Previous Column of the Mid-South Philosopher

Reflecting on Mayberry

© Dr. Gary D. Lemmons, March 5, 2006

In a lot of ways 1960 was a pivotal point in my childhood.  I was 11 years old…no longer a little boy, but not yet a full-blown adolescent.  The fact that within another year I would be entering junior high school was very real to me, and I struggled with thoughts of how I would make it in what,  to an elementary school boy, seemed to be such a challenging world.

I began to lose my innocence that year.  No, it didn’t involve relationships with the opposite sex.  I was still much too young and ugly for that.  Rather, I began to realize that life was not at all the safe and secure environment that up to that point I had felt it to be.

In March, Morris, a fellow student in Mrs. Windom’s Fifth Grade class accidentally hung himself in his parent’s detached garage.  Reports said that he was alone and playing cowboys and Indians, a game many of my generation played.  It was a frightening moment.  I had known people who had died before, but they had always been old.  No one my age had died.  Suddenly, I realized that I was not invincible.

In April, Anna, a teenage girl whose family lived in a house that my family had lived in years before on the Riley Creek Road, went missing.  A week later her body was discovered on the old Camp Forrest Reservation just south of our town and a prominent insurance salesman was arrested for her murder.  This tragedy provided fodder for much front porch and kitchen table conversation for the next two years.  This event impacted me in that I began to realize the world was not safe and even people as nice and respectable as an insurance agent could be dangerous.

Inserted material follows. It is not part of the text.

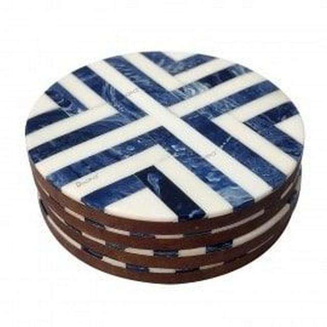 Sous-verres en incrustation d'os bleu et blanc 4 pièces avec ensemble de support tapis de table de cuisine et tampons résistance à la chaleur tasse sous-verre Protection de Table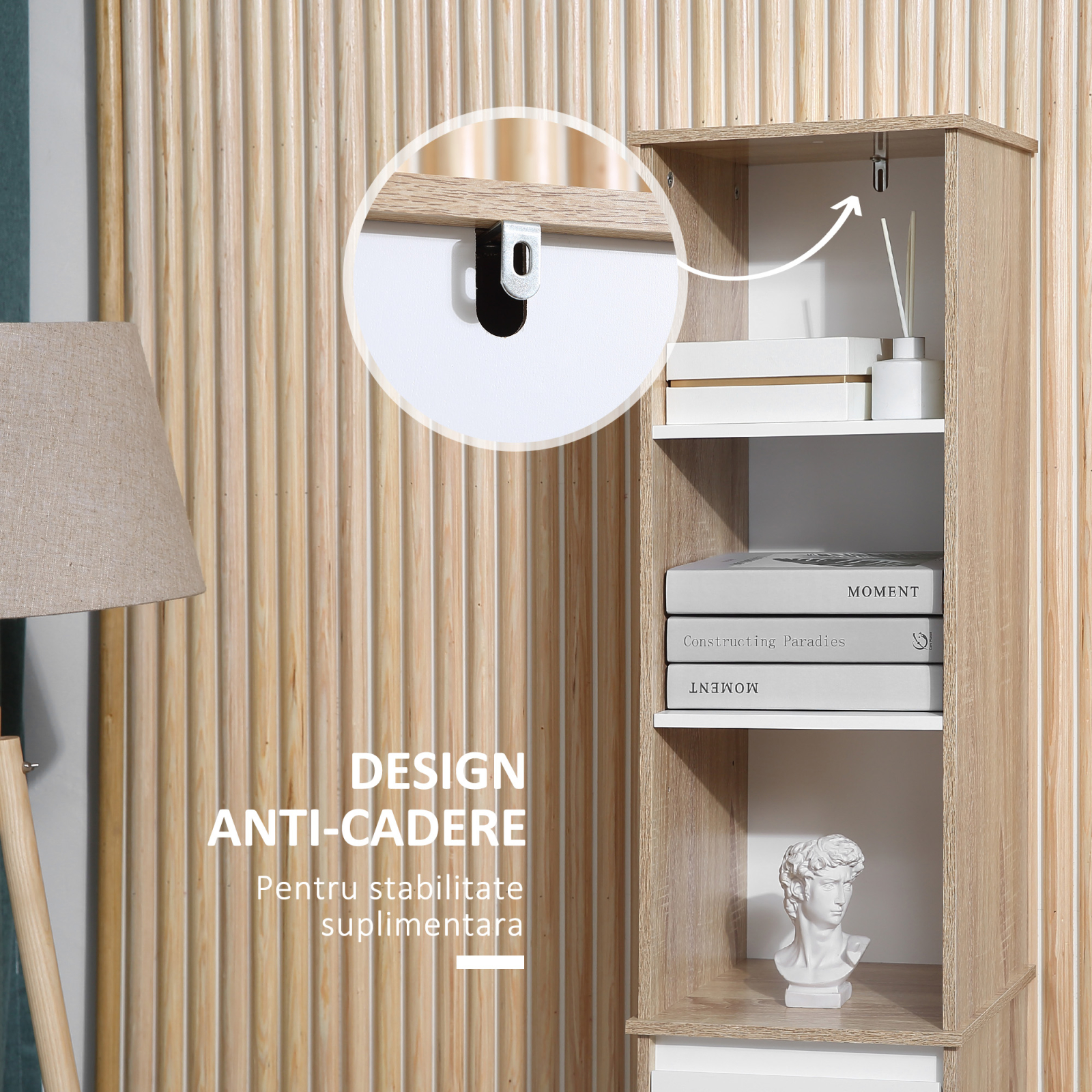 Maximizeaza spatiul si reduce dezordinea cu acest dulap pentru baie [BRAND NAME]. Proiectat pentru a exploata la maxim fiecare colt, are o structura ingusta care se dezvolta pe vertical si este alcatuit din 3 etajere, un dulap si un sertar. Intregul obiect de mobilier este fabricat din panouri PAL si, datorita stilului minimalist si discret, se integreaza perfect cu orice tip de obiect de mobilier: chiar si cu al tau!

Television was a major source of entertainment in those days.  It was also, at least in our house, a source of state and national news, which was watched regularly.  By my daughter’s standards for her children, my parents were very lax when it came to allowing my brother and me to watch T. V. in those days.  Generally, we could watch anything we wanted to watch and our time was relatively unlimited, so long as the grades in school were always up to par.  In defense of my parent’s liberality, there were virtually no four letter words used on television in those days, and, while occasionally there might be a program that approached an adult theme, by today’s standards, such a production would be classified as extremely mild.

At the beginning of the 1960 television season, a new comedy program, The Andy Griffith Show, came on the air.  This funny, half-hour program was set in the rural North Carolina town of Mayberry and introduced a pantheon of characters not the least of which was the town’s dedicated yet bumbling deputy sheriff, Barney Fife, played by Don Knotts, who passed away on Friday, February 24, 2006.

The major star of the show was Andy Griffith in the role of Sheriff Andy Taylor.  Sheriff Taylor was a widower with a young son Opie, played by Ron Howard, and lived with his Aunt Bea, played by Frances Bavier.

As I said earlier, there was a pantheon of characters, both regular and guests, who either lived or wandered into Mayberry over the next eight years.  The themes of the shows covered a wide range of issues and over time the show and its characters matured.  The level of sophistication of the productions rose and Mayberry grew-up during that time of “agonizing reappraisal” of the 1960s.

I guess, in a lot of ways, I grew-up in Mayberry.  Like the town, by the time the show ended in 1968, I was totally different from what I had been when I first visited the place before our television set.  I had experienced too much, and the eleven year old boy that had once been was no more.

Over the 38 years since the last show of the original series first aired, Mayberry has been an integral part of American society.  Countless children and adults alike have watched the old episodes time after time and laughed anew at the antics of Barney, Floyd, Otis, Howard, Emmett, Goober, Gomer, and Earnest T. Bass, not to mention tapping a foot to Briscoe, Sharlene and the Boys, aka: the Darlings.

Many of the people who worked on The Andy Griffith Show went on to other projects and many enjoyed other successes.  Don Knotts, after some hilarious movies, starred with John Ritter in Three’s Company, a comedy oriented to more contemporary themes.  Ron Howard grew up.  After great success as Richie Cunningham in Happy Days, he has become a successful director of movies.  His latest work, The Da Vinci Code, will premier later this year.  Andy Griffith, himself, continues to work and enjoyed almost equal success in the series Matlock.

There is a little of Mayberry in all small towns.  There is scarcely one of us, who has watched The Andy Griffith Show, who cannot identify someone that we know or have known in our lives that reminds us of some character from that fictional town. Mayberry lives forever.

Somewhere, in the great beyond, I like to think that Don Knotts (in the genre of Barney Fife) is sitting on the front porch on a warm Sunday afternoon with Frances Bavier (in the genre of Aunt Bea) as she is getting acquainted with John Ritter, who has just been introduced to her by Barney.  The three of them are sipping iced tea and enjoying the quiet of a small town from yesteryear.

A foolish thought?  Maybe, but I do believe there is a heaven.